The new Dryft scuba diving rideshare service will allow Blacktip Island shore divers to hail rides to and from the Caribbean island’s dive sites with a computer app. (photo courtesy of Bradley Grillo)

A ridesharing dive boat service, based loosely on the popular Uber and Lyft rideshare programs, launched this week on Blacktip Island to take shore divers to many of the Caribbean island’s dive sites.

“Shore diving can be tough, especially in winter with the heavy seas,” app developer Goldie Goby said. “With Dryft, divers can hail a fishing boat, get picked up at a sheltered spot, and be dropped anywhere around the island. Then at the end of the dive, they surface, hail a ride back and Bob’s your uncle.

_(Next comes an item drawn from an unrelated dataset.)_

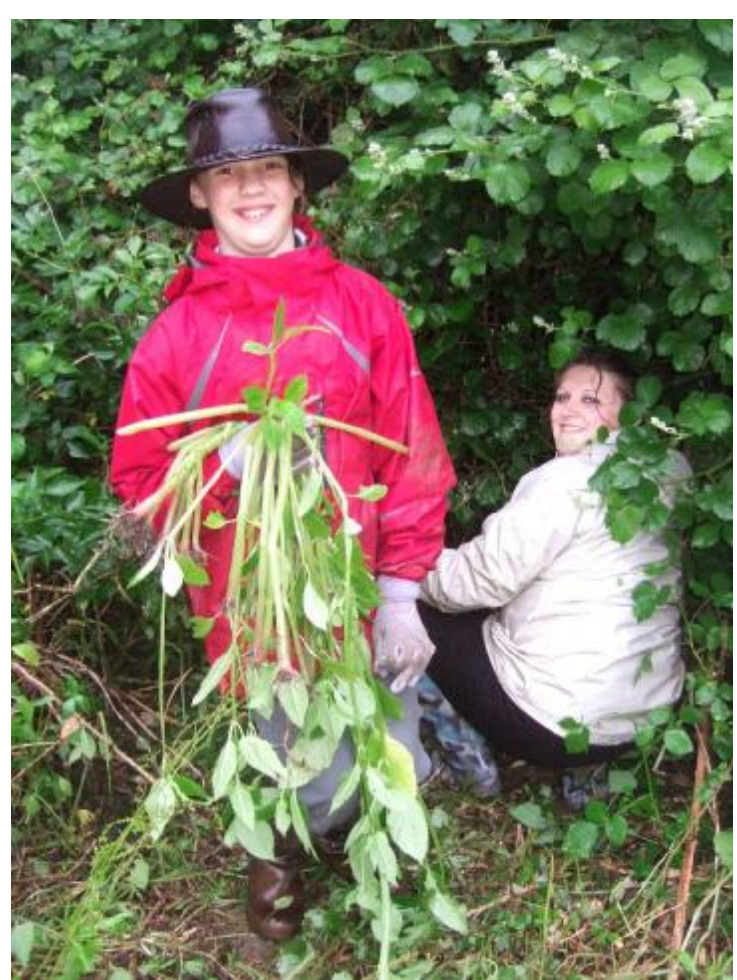
3<sup>rd</sup> Romsey Scouts pulled balsam on the Cadnam River during a rather wet evening on 27 June 2013, but their spirits were not dampened!

“Like with land-based rideshares, you pay according to how far you want to go, and you can rate your captain and tip them,” Goby said. “It lets divers set their own schedule, and local fishermen can make a little money on the side.”

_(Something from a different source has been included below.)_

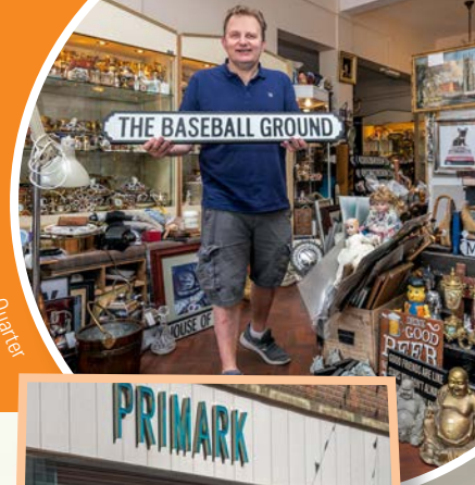
Antiques in the Quarter

Historic Sadler Gate features a number of fashion boutiques and gift shops. Connecting Sadler Gate to The Strand is the 19th century Strand Arcade, home to a diverse range of specialist shops, whilst The Strand itself, is a wonderful crescent of Victorian buildings housing a number of well-established independent retailers.

Divers gave the fledgling service mixed reviews.

“It’s great going out when weather makes shore diving impossible, and going to sites you can’t get to from shore,” Harry Blenny said. “But getting back out can be an adventure, depending on how rough the seas are, how long you have to wait and what kind of boat picks you up.

“Trying to get back in a skiff this morning in eight-foot seas was an adventure,” Blenny said. “I passed up my gear and it still took four tries, with Clete Horn finally hauling me up by my wetsuit. I’m still walking funny.”

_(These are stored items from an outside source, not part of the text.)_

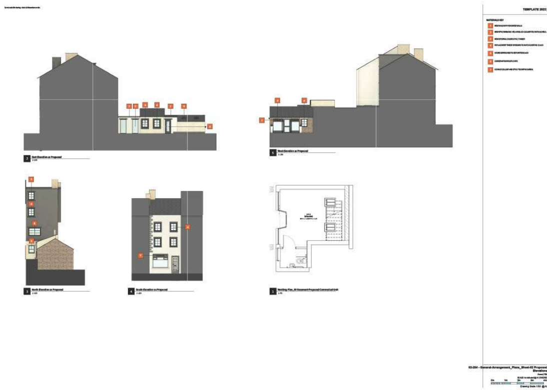
Figure C -Proposed Elevations
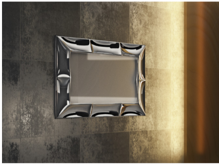
DORIAN, mirror for FIAM

11 th - 17 th April, 10am - 12 midnight 18 th - 23 rd April, 10am - 10pm
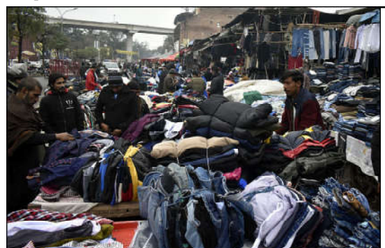
LAHORE: People are busy buying warm clothes and jackets in Landa bazaar at Shadman Sunday weekly bazaar in Provincial Capital.

Through this MoU both parties may, to the best of their mutual endeavor and capabilities, strive to enhance investment in value addition in the mining sector of KP Province, provide specific product/project information, identification of joint venture partners, facilitating procedural matters with respective authorities remaining within respective legal mandate. Similarly, partners may conduct matchmaking meetings.
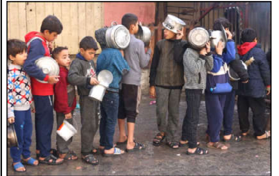
Palestinian children hold pots as they queue to receive food cooked by a charity kitchen, amid shortages in food supplies, as the conflict between Israel and Hamas continues, in Rafah in the southern Gaza Strip.

the ministry added. Wednesday's strike, which caused the highest number of wounded in months, was the second in a week. In another attack overnight Sunday to Monday, eight missiles headed for the capital were shot down. "The enemy used ballistic weapons," the Kyiv City Military Administration said, adding that Russia was "intensifying the missile terror of Kyiv". There were also strikes in the southern port of Odesa, where officials said nine Iranian-made Shahed drones had been downed. On the edge of the port city of Odesa, a journalist saw a large hangar in which trucks and cars had been destroyed.
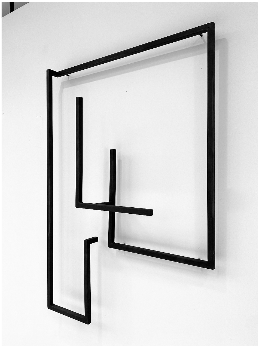
Caroline McGregor Inception , 2020 Steel and paint 110h x 75w x 12d cm A$ 2,800.00

Local fishermen were divided on the service as well.

“Easy money, taking yahoos out on the sea and chucking them overboard,” James Conlee said. “Getting them back in can be rough, but it’s them who get banged up, not me.”

Others disagreed.

“Divers in the water scare off the fish,” Antonio Fletcher said. “Need fewer divers out there, not more. Plus, divers bobbing at the surface can be hard to see. Don’t want my prop getting dinged up on one of their scuba tanks.”

Island officials questioned the program’s safety.

“If a buddy team gets dropped off late in the day and there’s no boats nearby when they surface, they might never be found,” Island Police Constable Rafe Marquette said. “If they’re off the south end, in a current, the next stop’s Venezuela. Or a shark’s belly.”

App developers say those criticisms are unfounded.

“Divers don’t scare off fish, and ‘Tonio shouldn’t be fishing in the marine park anyway,” Goby said. “And if he can’t see a diver on the surface, he should be driving a skiff.

“Also, we guarantee any diver Dryft drops off will have a ride back,” Goby said. “We ran test dives for months before the official launch, and we never had a single diver complain. We learned our lesson after we lost the first few.”